Campaign finance regulation has drastically changed since the founding of the Republic. Originally, few laws regulated how much could be contributed to political campaigns and who could make contributions. One by one, Congress passed laws to limit the possibility of corruption, for example by banning the solicitation of federal workers and banning contributions from corporations. As the United States moved into the 20th Century, regulations became more robust with more accountability. The modern structure of campaign finance regulation was established in the 1970's with legislation like the Federal Election Campaign Act and with Supreme Court rulings like in Buckley v. Valeo. Since then, the Court has moved increasingly to strike down campaign finance laws they see as limiting to First Amendment free speech. However, Arizona is one of a handful of states that established a system of publicly financed campaigns at the state-wide and legislative level. Passed in 1998, Proposition 200 attempted to limit the influence of money politics. For my research I hypothesized that a public financing system like the Arizona Citizens Clean Elections Commission (CCEC) would lead to Democrats running with public funds more than Republicans, women running clean more than men, and rural candidates running clean more than urban ones, and that Democrats, women, and rural candidates would win in higher proportions than than if they ran a traditional campaign.
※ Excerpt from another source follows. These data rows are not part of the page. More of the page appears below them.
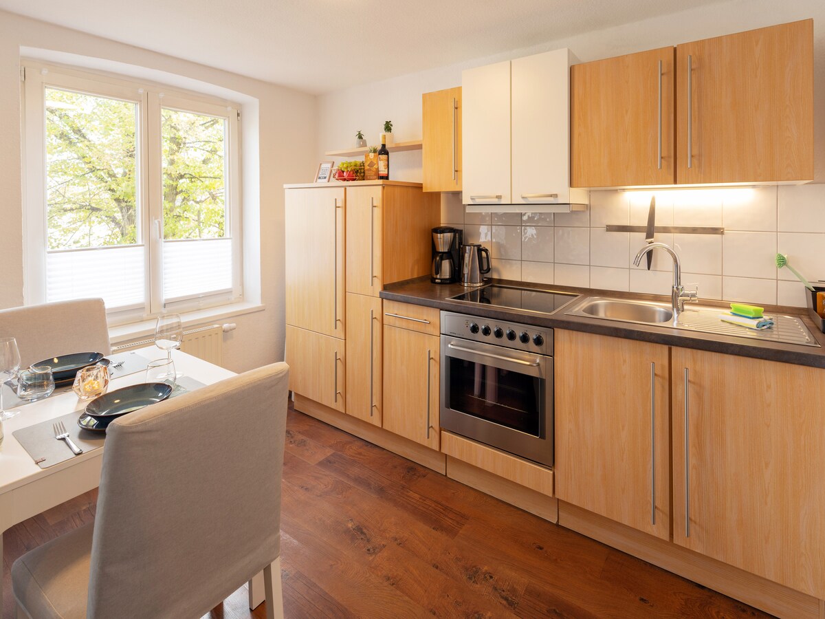 Сучасна 2-кімнатна квартира в центрі Шверина з достатньо місця для 4 осіб. Квартира знаходиться на першому поверсі та пропонує повністю обладнану кухню, вітальню з диваном-ліжком для 2 осіб, спальню з ліжком з пружинним матрацом та туалетний столик зі світлодіодним освітленням, а також душову кімнату. Ми пропонуємо безкоштовний Wi-Fi, безкоштовне паркування, а також надаємо постільну білизну та рушники. Старе місто Шверин розташоване неподалік.
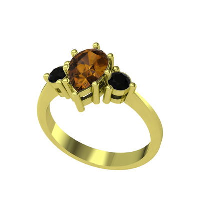 Dumanlı kuvars ve siyah zirkon 925 ayar altın kaplama gümüş yüzük
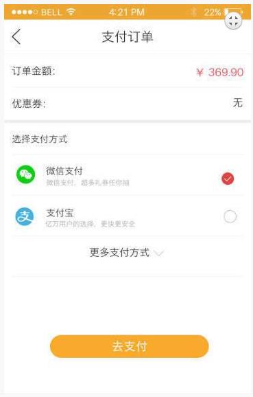 2、付款方式多元化,不仅支持支付宝还可以进行微信支付;
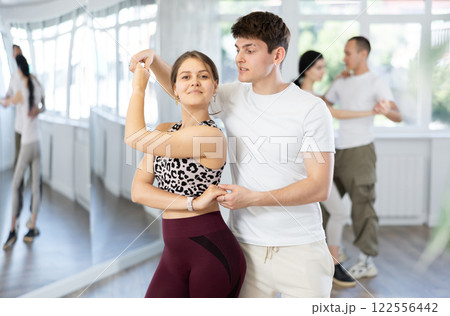 Happy young woman in sportswear with man dancing bachata in ballroom dance class
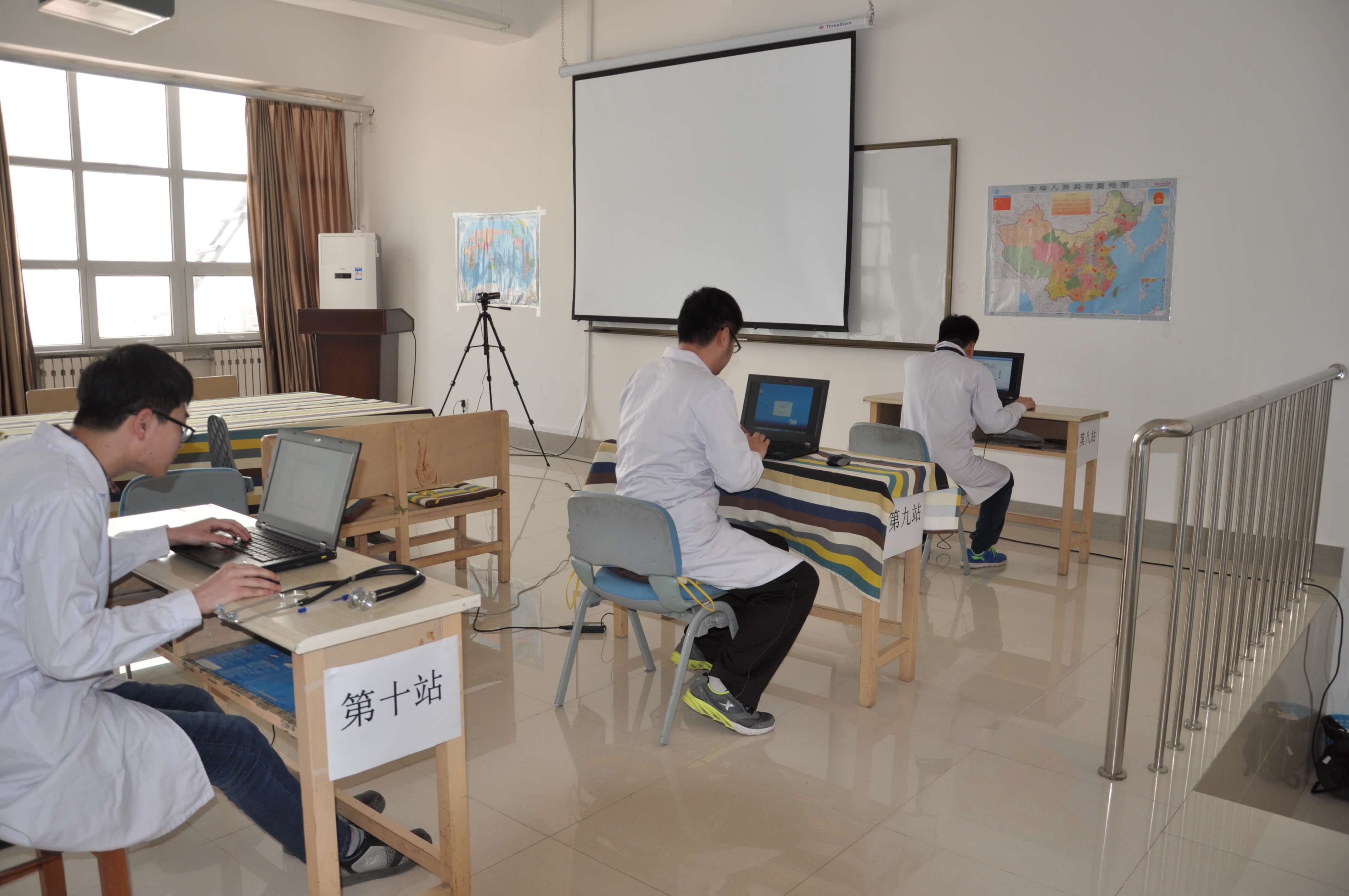 2016年5月13日,2011级(97期)五年制临床医学专业客观结构化临床考试在公共教学楼A座五楼临床技能中心顺利进行,教务处副处长许东阳及实践教学管理教师查看了考试情况。从5月9日开始一共有492名临床医学专业学生(含97期汉语授课留学生)按照规定时间表参加OSCE考试。 本次考试每名学生共计200分钟,10个考站,其中6个标准化病人考站,1个小站考试,2个计算机模拟病例站,1个临床实践技能操作考站,同时轮转应试。

After compiling data from the CCEC and the National Institute on Money in State Politics, I found that Democrats do run with public funds in statistically higher proportions than Republicans, but when they do they lose in higher proportions than Democrats who run traditionally. Female candidates only ran at a statistically higher proportion from 2002 to 2008, after which the difference was not statistically significant. For all year ranges women who ran with public money lost in higher proportions than women who ran traditionally. Similarly, rural candidates only ran at a statistically higher proportion from 2002 to 2008. However, they only lost at higher proportions from 2002 to 2008 instead of the whole range like with women and Democratic candidates.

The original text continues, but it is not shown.